His chronicle has been praised since it was written and is still readable today. It was particularly valued for the details of The Anarchy under Stephen of England and its glimpses into 12th century life.
William was one of the earliest writers to discuss vampires, though this was not a word he used or probably knew. He called them by the Latin term ‘sanguisua’ which meant blood suckers; more specifically – leeches.
He was not a vampirologist in the modern sense – he did not chronicle the vampires and other paranormal events for the purpose of sharing the knowledge of them. As a man of his time and his religious life, he used them as a way of showing people the evils that could befall them if they led a life of sin.
Whilst he did accept the existence of revenants and vampires, he was also aware people would be skeptical about the stories. He even made reference to people ‘not easily believing’ that corpses, rose from their graves and walked around the streets without the ‘ample testimony’ which supported the stories.

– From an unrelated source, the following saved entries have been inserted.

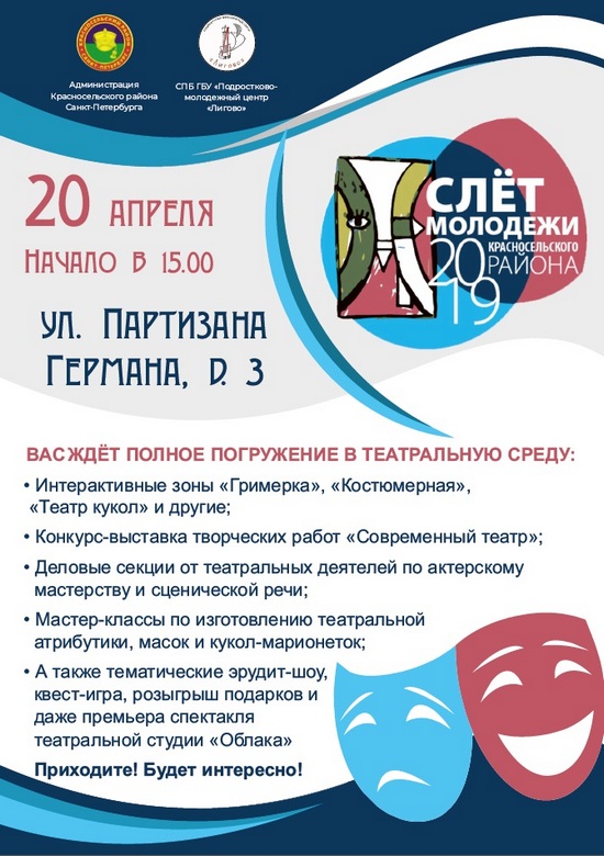 20 апреля 2019 года в администрации Красносельского района Санкт-Петербурга состоится традиционный Слет молодежи, история которого началась в 2010 году, с тех пор проводится ежегодно и собирает около 1000 молодых активных людей.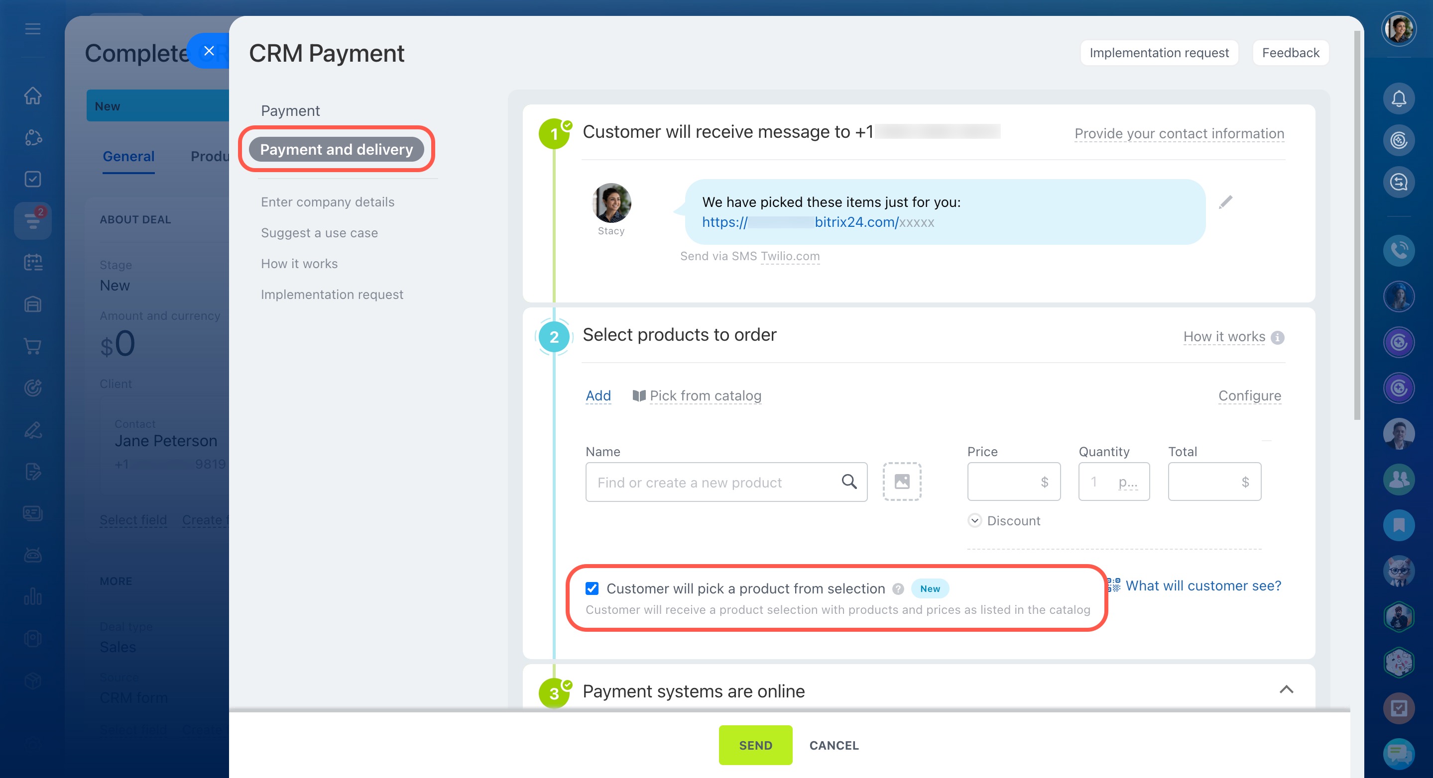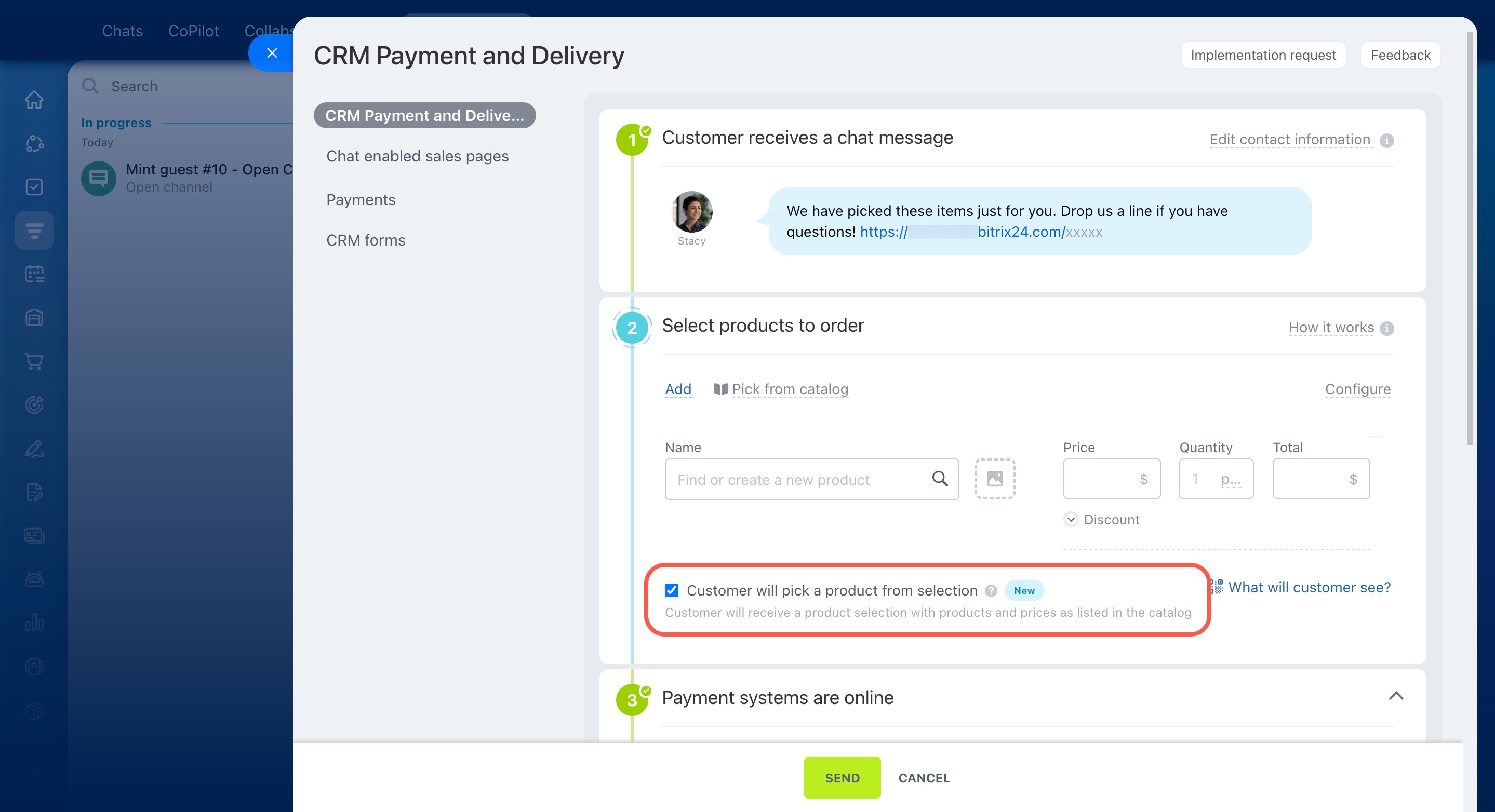 In Bitrix24, you can send customers a personalized selection of products, allowing them to choose what to order and pay online right away.
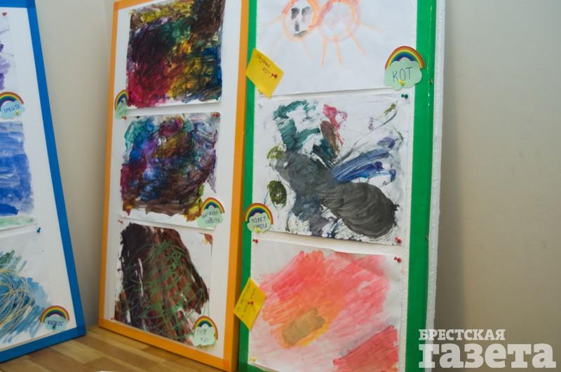 В малом зале «Прасторы КХ» разместилась экспозиция «Дождик рисует радугу» Матвея Вельгаса. Кисти и краски для мальчика — важный способ общения, ведь он не разговаривает. В изостудии Матвей занимается с 3,5 лет и очень любит рисовать.
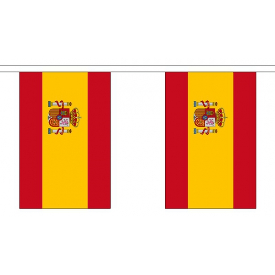 Buiten vlaggenlijn Spanje 3 meter. Deze luxe vlaggenlijnen met de Spaanse vlag is gemaakt van 100% polyester en is ongeveer 3 meter lang. De vlaggenlijn bevat 10 vlaggetjes met een formaat van 22,5 x 15 cm. Spanje landen thema supporter feestartikelen en versieringen. U ontvangt 3 stuks.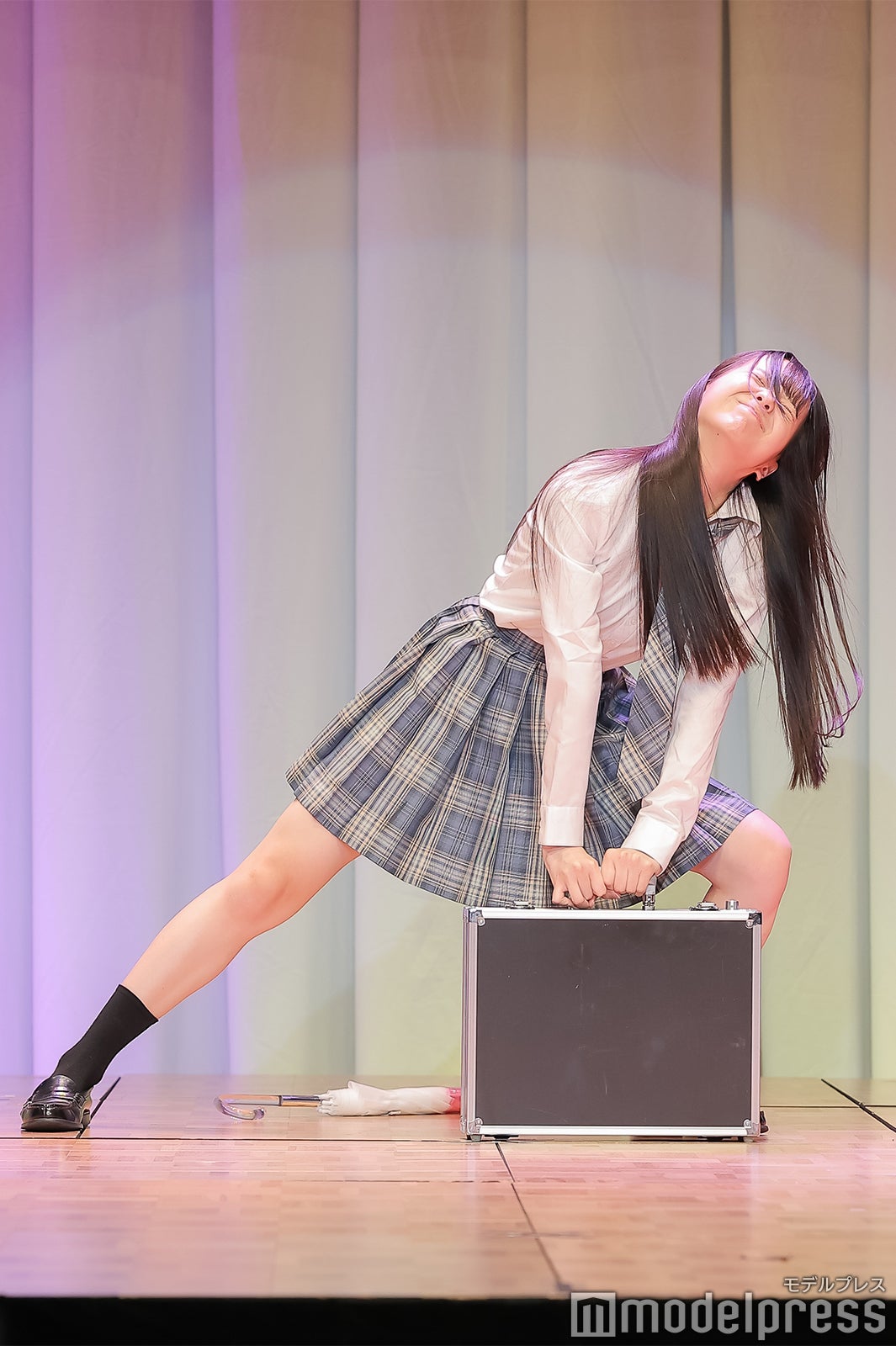 パントマイムを披露した理由を聞かれると「13年習っているクラシックバレエを披露しようと思っていたのですが、毎年、クラシックバレエを披露する方が多く、被ると思ったのであえて違うパントマイムを披露しました」と告白。パントマイムとの出会いについては「私が通っている学校の芸術鑑賞会でパントマイムを見た際に、パントマイムの表現力の高さや面白さに衝撃を受けて、私も真似したくなりました。それがきっかけで真似をしたらハマりました」と語った。

In his work, he documented a revenant in the county of Buckinghamshire that rose from its grave and harassed first its widow, then its brother. He soon began walking through the day as well until the towns people turned to the archdeacon for help. He in turn spoke to the Bishop of Lincoln, who had no personal experience of such a case. However, he recommended the archdeacon have the man disinterred to see what condition the body was in. When this was done, the corpse was found to have no signs of decomposition and looked as though it had just been buried. A charter of absolution was placed on the revenant’s breast which stopped it from rising as the ghoul was never seen around the town again.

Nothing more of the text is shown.